🤖 AI Summary
Homomorphic encryption (HE) enables privacy-preserving reinforcement learning (RL) in cloud environments, but standard HE schemes—particularly fully homomorphic encryption (FHE)—cannot natively support nonlinear operations such as comparisons (e.g., min/max), which are essential in many RL algorithms.
Method: We propose a comparison-free RL framework regularized by relative entropy, enabling linearly solvable value iteration, path-integral control, and Z-learning to be directly implemented under FHE without resorting to expensive or approximate comparison circuits. We instantiate the framework using the CKKS FHE scheme.
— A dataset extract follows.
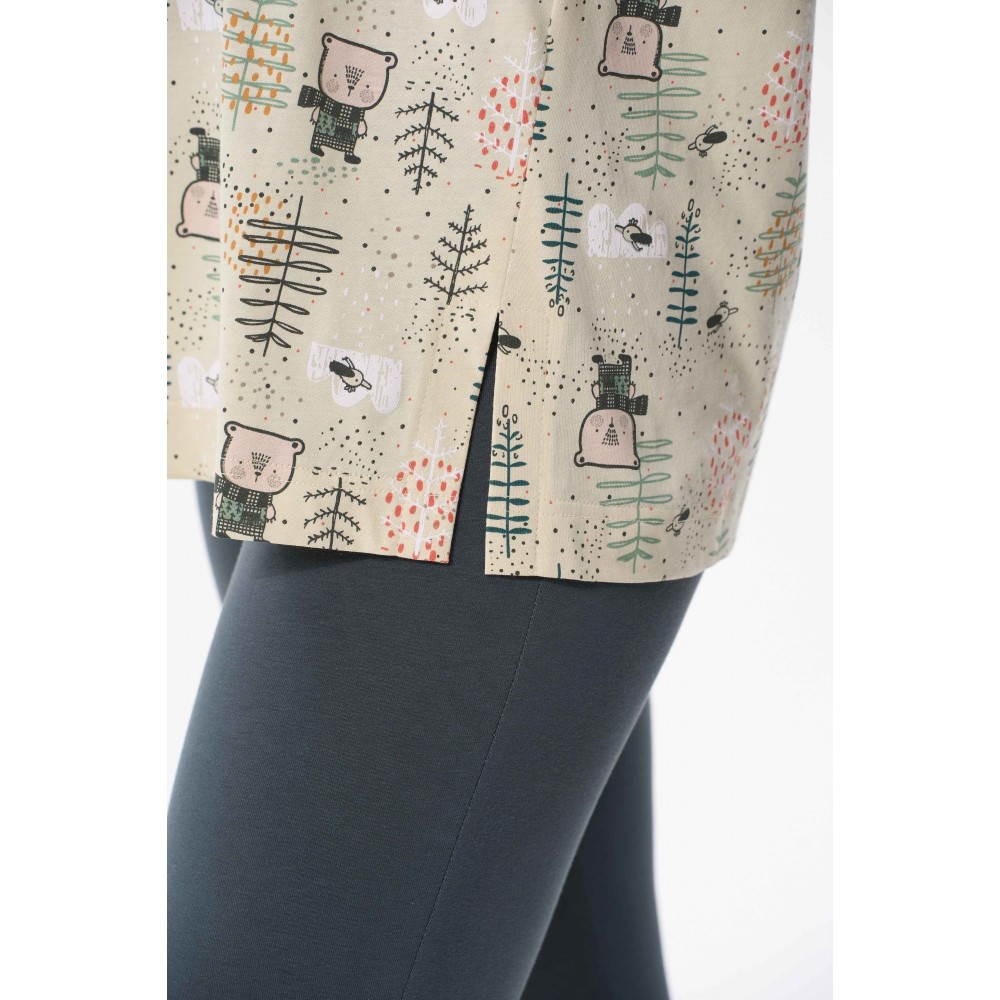 Футболка с принтом свободного силуэта из хлопкового полотна. Круглый вырез горловины обработан рибаной, широкие рукава. По низу изделия в боковых швах разрезы. Состав: 100% хлопок

Contribution/Results: We demonstrate encrypted Z-learning in a grid-world environment: the policy converges successfully, and approximation error remains bounded. This work establishes the first verifiable and scalable algorithmic paradigm for synthesizing cloud-native, privacy-preserving RL control policies under FHE, validating the feasibility of deploying dynamic decision-making systems with end-to-end cryptographic privacy guarantees.
📝 Abstract
We investigate encrypted control policy synthesis over the cloud. While encrypted control implementations have been studied previously, we focus on the less explored paradigm of privacy-preserving control synthesis, which can involve heavier computations ideal for cloud outsourcing. We classify control policy synthesis into model-based, simulator-driven, and data-driven approaches and examine their implementation over fully homomorphic encryption (FHE) for privacy enhancements. A key challenge arises from comparison operations (min or max) in standard reinforcement learning algorithms, which are difficult to execute over encrypted data. This observation motivates our focus on Relative-Entropy-regularized reinforcement learning (RL) problems, which simplifies encrypted evaluation of synthesis algorithms due to their comparison-free structures. We demonstrate how linearly solvable value iteration, path integral control, and Z-learning can be readily implemented over FHE. We conduct a case study of our approach through numerical simulations of encrypted Z-learning in a grid world environment using the CKKS encryption scheme, showing convergence with acceptable approximation error. Our work suggests the potential for secure and efficient cloud-based reinforcement learning.